My God. A half hour goes by and it’s way dark out at this point and the owner taps on my window to tell me that “tow man” was going to take the rusty truck back to wherever it is that it came from and a new truck was coming for me in a bit. The surprising thing was that the man, wife, and son were going to stay with me until the new truck came. They’re sitting behind my car in their antique car, just waiting for the other tow truck. I’m shivering for about 20 minutes and one of the biggest tow trucks I’ve ever seen in my life is driving slower and slower toward the car. The owner gets out of his antique car and walks up to the tow truck. All I see in this new truck is the dark outline of a man with lights behind him. I swear it was like it was out of a movie. All you see is the outline, and the steam from his breath rising in the air, hahaha. Owner taps on my window, waves, gets in his car, and takes off with the wife and son. I check my fly to make sure it’s up, and get out to talk to the new tow truck man. He doesn’t mess around with what I now call “tow truck foreplay.” He asked for my key, asked what the car was mainly doing, and told me I could bring my stuff up to the truck and get in so I didn’t get hit. The door is fucking locked, but I get to watch him professionally back the Molar up onto the platform and string the belts to the hubcaps, or whatever the hell those tires had on them… they definitely might not have even had hubcaps. This guy knew his shit though. He unlocks the door for me, and I climb 5 feet to get up into this giant tow truck. A shiny, gold “Triple AAA” sticker was GLEAMING at me from the dashboard of the tow truck. Ahhhhh. He finally gets in and asks where we’re going. I tell where, and he tells me we’ve gotta stop and get gas at the gas station before we get on I-81. At this point, I didn’t give a rat’s arse. As I’m clinging onto my fucking gallon of fucking $5 cider from fucking Beak & Skiff’s, new tow truck man asks me, “Soo, just coming from Beak & Skiff?” I hesitated with my sarcasm, but finally said, “YAAA. Four hours ago!!” He chuckled.

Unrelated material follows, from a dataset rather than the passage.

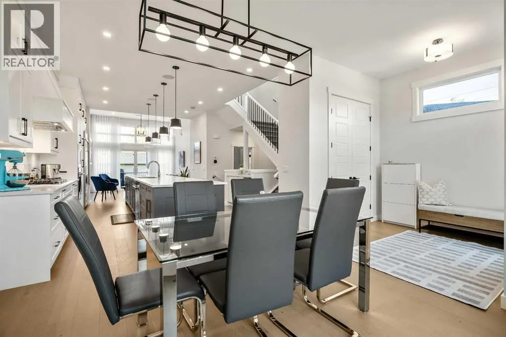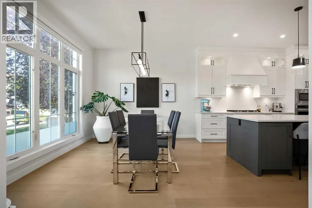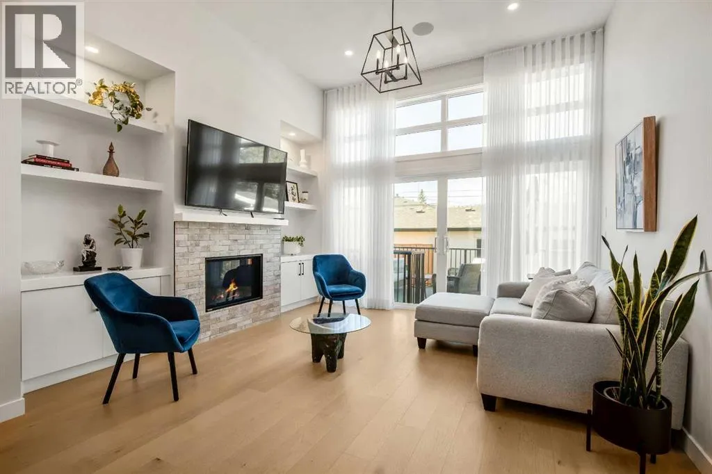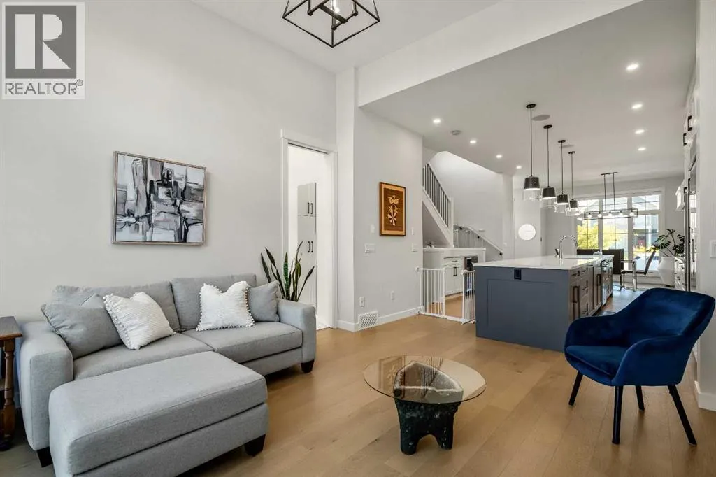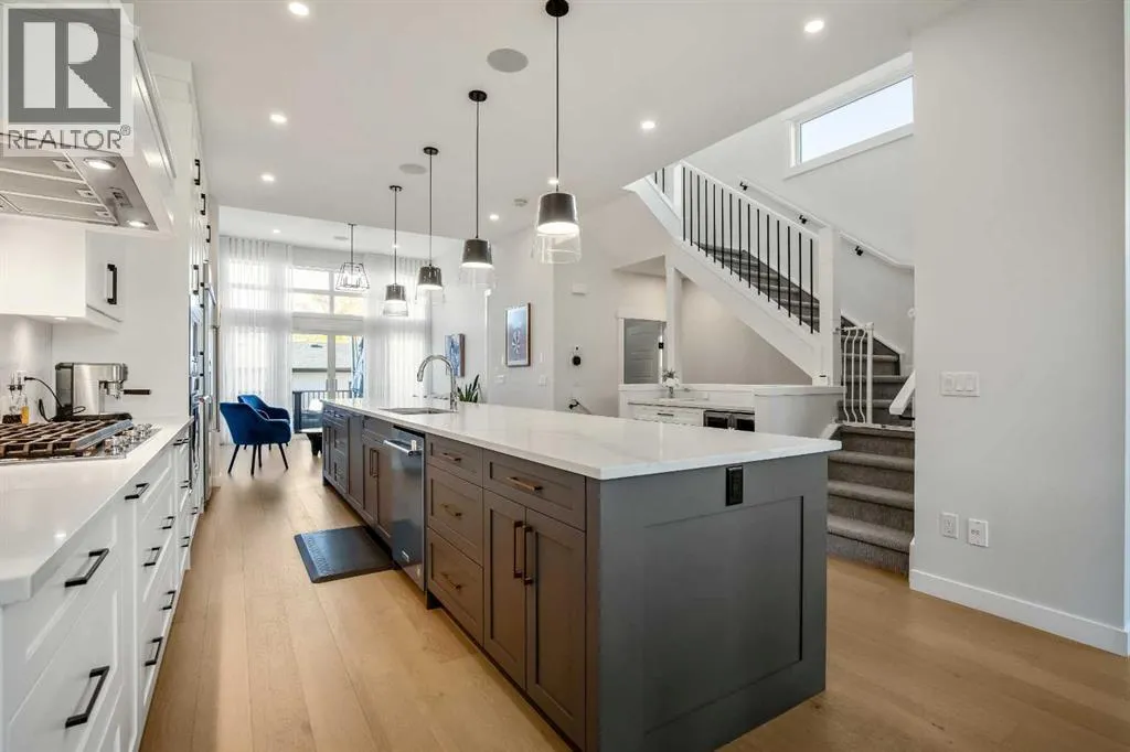Situated on a quiet street in the highly sought-after community of Montgomery. As you enter this stunning home you will notice the abundance of natural light and that no detail was overlooked from the luxurious wide plank hardwood floors, high paint finish ceilings, 8â solid core doors, elegant railing, in ceiling speakers and designer lights. The spacious front dining room opens to the central gourmet kitchen. This is a focal point with an expansive 16â kitchen island, gorgeous quartz counters, a timeless herringbone tile backsplash, SS built in appliances including a gas cook top and wine fridge. All highlighted by a custom wood hood, two-tone cabinets that reach to the ceiling with glass inserts, under-cabinet lights, slow-close cabinet doors, as well as plenty of storage with additional built-in features such as spice racks and pull out details. The kitchen opens to the inviting living room with soaring 12â ceilings, a distinctive gas fireplace with brick surrounds and built ins, plus floor to ceiling patio sliders creating a great indoor outdoor space, making this home ideal for entertaining. The sunny SOUTH backyard has a low maintenance vinyl deck and a BBQ gas line ideal for gatherings. Completing the main living area is a large mudroom with bench detail and private powder room with a full vanity. Upstairs you will find two bright well sized bedrooms, a large 4 pc bath and a convenient laundry room with plenty of storage and a sink. The primary retreat is on its own separate level creating a true oasis with a tray ceiling detail, large windows and a spacious walk in closets with built ins. The spa inspired ensuite includes heated floors, a stunning free standing tub, a massive tile shower, dual sinks with stone counters, and a private water closet. The lower level has a great rec room with a built in media center, a full wet bar including beverage fridge, floating shelves and wine racks. A 4 pc bath and fourth bedroom with a walk in closet perfect for gue sts or hosting gatherings. This home also offers the comforts of air conditioning, a vacu-flow rough in, plus a fully insulated and drywalled double detached garage with gas line rough in for a heater. Steps away from scenic parks, walking trails, cafes, restaurants and shopping. Schedule your private showing or view the virtual tour today. (id:27476)

But ya, it was 9:00pm at this point. We pulled off to pump diesel into this giant tow truck and as I watched the number climb from $50, to $100, to $150, to finally $171, I’m wishing for a hot shower, a bathroom, a toothbrush, and maybe some turkey that my fam was nice enough to tell me they were having for dinner that night without me. New tow truck man booked it to home. He even put the radio on for me, on my side only, but he put it on none the less. It was the best moment of the last 4 hours. As I was bopping around on the front seat trying not to let my cider gallon fly over to the man’s side, it hit me just how pathetic things can get sometimes. But you know what?? There’s nothing to do but laugh it off, learn from it, become stronger, and wish for a better day tomorrow… hopefully one that doesn’t include snot, poo, rotten kids, spit balls, or break downs of any kind.
Yeehaa. The end.
PS. EVEN THE BLUE MOLAR CAN GET A CAVITY.